• _Dataset excerpt_:
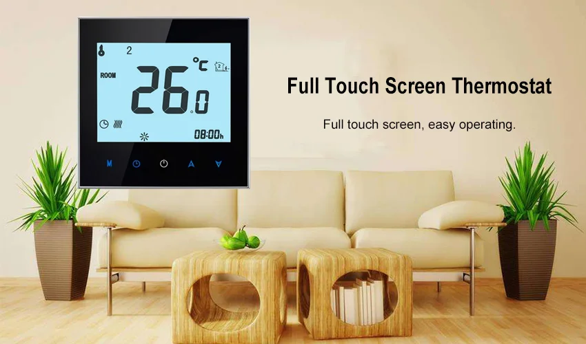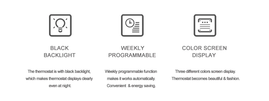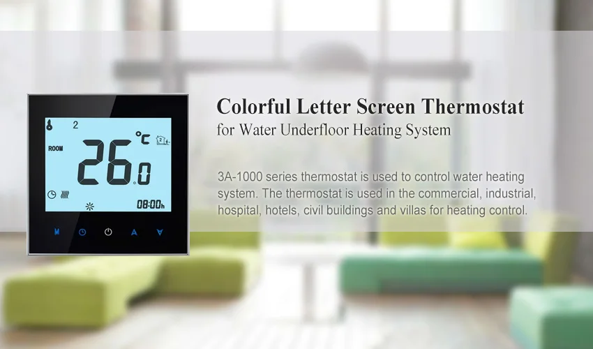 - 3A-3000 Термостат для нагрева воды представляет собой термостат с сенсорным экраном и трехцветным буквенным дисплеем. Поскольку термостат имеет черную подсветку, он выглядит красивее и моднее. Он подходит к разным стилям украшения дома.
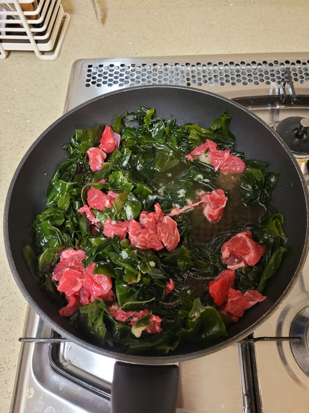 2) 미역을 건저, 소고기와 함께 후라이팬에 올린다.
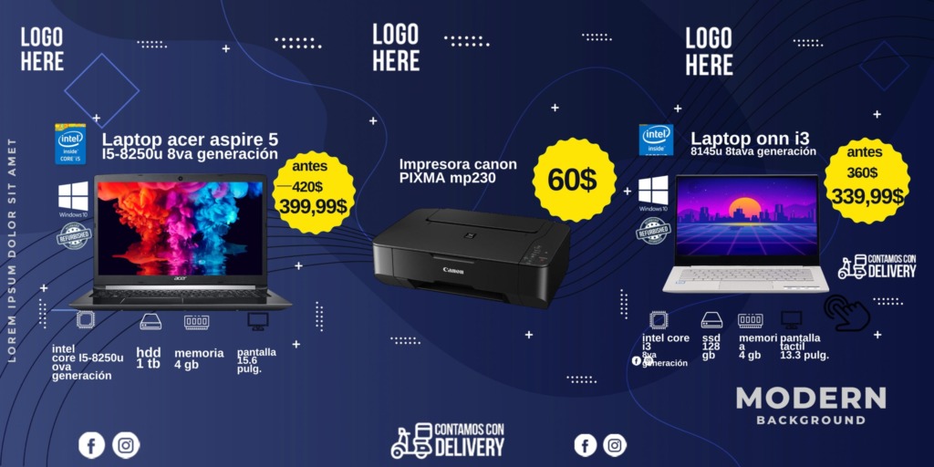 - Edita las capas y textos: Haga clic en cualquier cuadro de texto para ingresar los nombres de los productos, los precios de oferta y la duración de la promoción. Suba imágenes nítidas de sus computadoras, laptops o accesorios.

• _What you will do_: Pictures aside, write out verbatim every line from the first line of the material through the line holding "2) 미역을 건저, 소고기와 함께 후라이팬에 올린다.".

• _Answer space_:
 - 3A-3000 Термостат для нагрева воды представляет собой термостат с сенсорным экраном и трехцветным буквенным дисплеем. Поскольку термостат имеет черную подсветку, он выглядит красивее и моднее. Он подходит к разным стилям украшения дома.
 2) 미역을 건저, 소고기와 함께 후라이팬에 올린다.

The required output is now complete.